The Ockenden Report identified problems with leadership as one of the main issues in the failures at Shrewsbury, as well as issues with maternity and neonatal units working together. Donna Ockenden, former Senior Midwife, advised that there was a culture of blaming parents for preventable deaths and failing to listen to the families. The Report also highlighted that the Trust often failed to learn from previous mistakes, by tending to focus on the actions of the parents, rather than failures within their departments.
The Report urged Trusts to work together when investigating serious incidents, to ensure that learning is shared across regions, to prevent further mistakes. Donna Ockenden also recommended that staff need to be given training for different disciplines, as well as a culture change that allows midwives to feel able to discuss problems with senior midwives and obstetricians.
The Care Quality Commission reported that almost two thirds of all maternity units in England were in need of improvements in safety.
As a response to the Ockenden Review, the Government have announced a £500,000 programme to provide hundreds of maternity and neonatal leaders across 126 Trusts with further training. There will also be seven regional chief midwives and a maternity safety champion in each Trust. It is hoped that the introduction of these roles will help to make maternity services safer and more personal for women and babies.
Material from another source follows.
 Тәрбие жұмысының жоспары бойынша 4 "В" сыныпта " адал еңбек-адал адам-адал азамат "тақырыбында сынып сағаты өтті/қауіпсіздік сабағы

The aim of the programme is to provide maternity leaders with the skills to improve the collaboration between nurses, doctors, midwives and obstetricians. Staff will be encouraged to anticipate risks for mothers and babies, and put measures in place to either avoid or respond to these risks should they materialise. It is hoped that by changing the environment within maternity departments, there will be much fewer preventable baby deaths.
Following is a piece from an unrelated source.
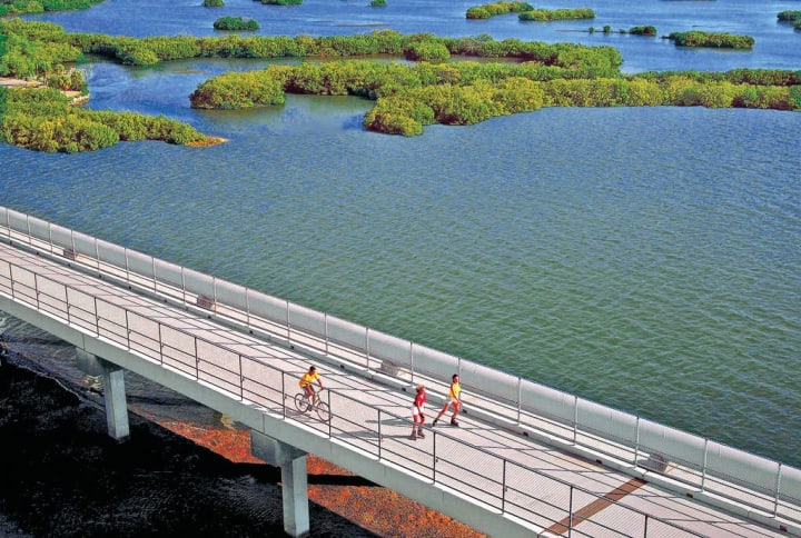 The Fred Marquis Pinellas Trail was created along an abandoned railroad corridor. This is a 37-mile-long park and recreation trail. It is enjoyed by walkers, runners, cyclists, and skaters. Along the way are shops, cafes, and restaurants. There are nine sculptures marking the various communities through which the trail passes.

The programme, which will be rolled out later this year, also hopes to establish a core curriculum for all maternity services, to ensure that skills and training are consistent throughout the country.
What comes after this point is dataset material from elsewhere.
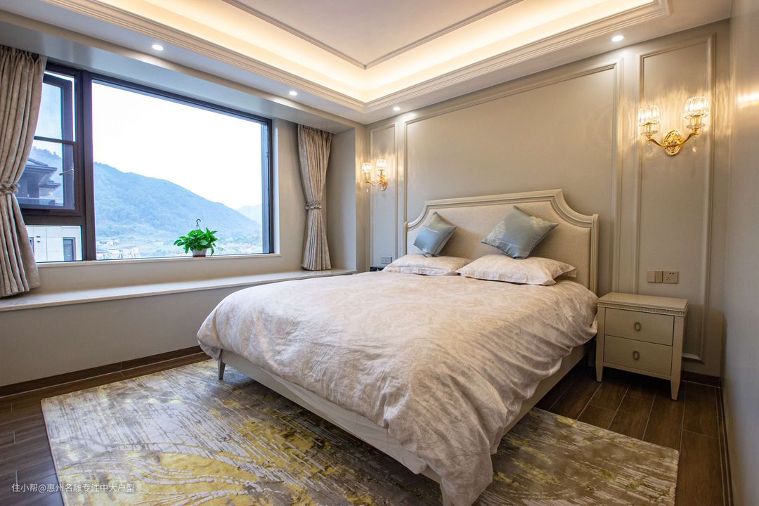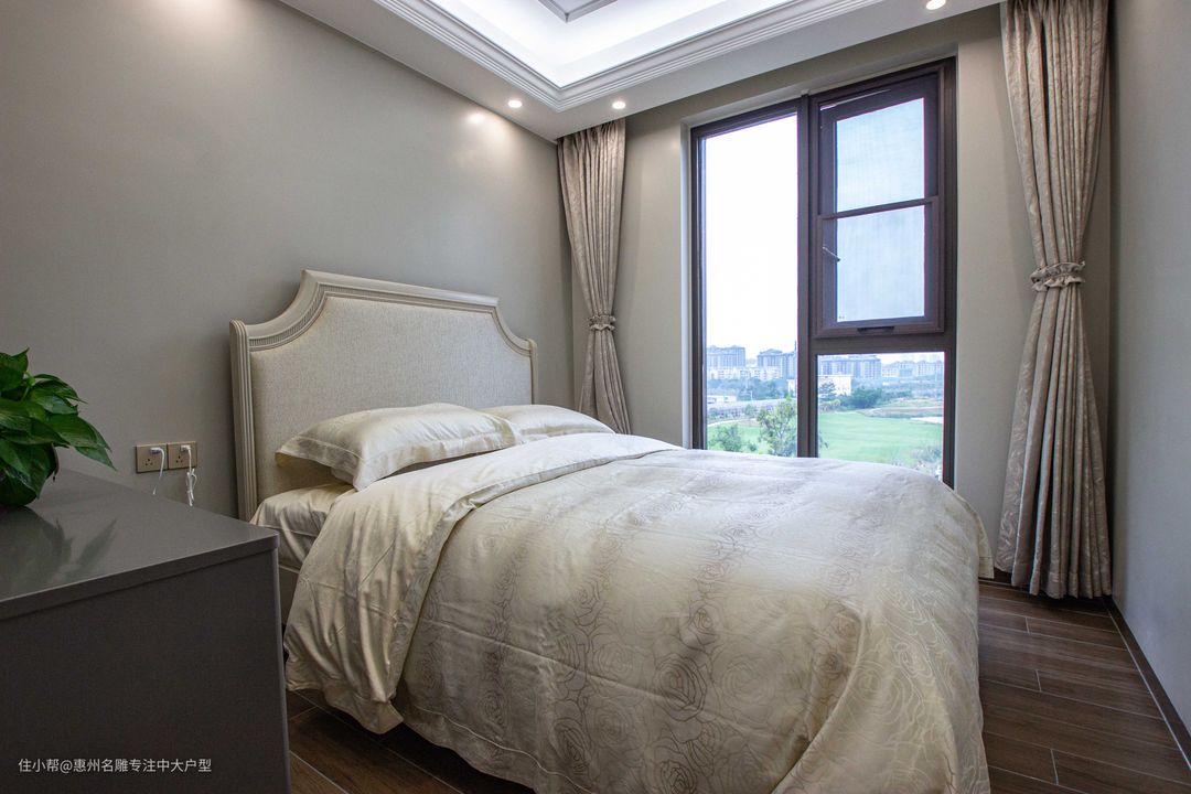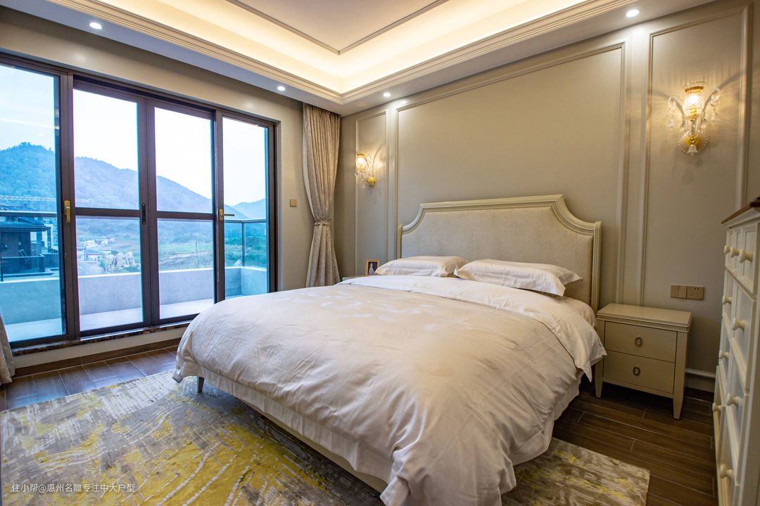 坐落在二楼的主卧拥有极佳的视野,因此设计师充分考虑到这一要素,在主卧增设一处整面推拉落地窗,尽览窗外风景。原木色地板呼应暖黄色喑哑灯光,呈现一副欧式中独有的田园意境,富有古典美的石膏线给人以开放、宽容的非凡气度。

Maternity leaders will be trained in how to engage appropriately and sensitively with families following tragic outcomes, to help families to understand what has happened, while also providing them with the opportunity to discuss with the maternity and neonatal units any concerns that they may have.
The announcement of the Government’s programme is certainly a promising step towards improving maternity services. Time will tell whether it leads to any noticeable improvements.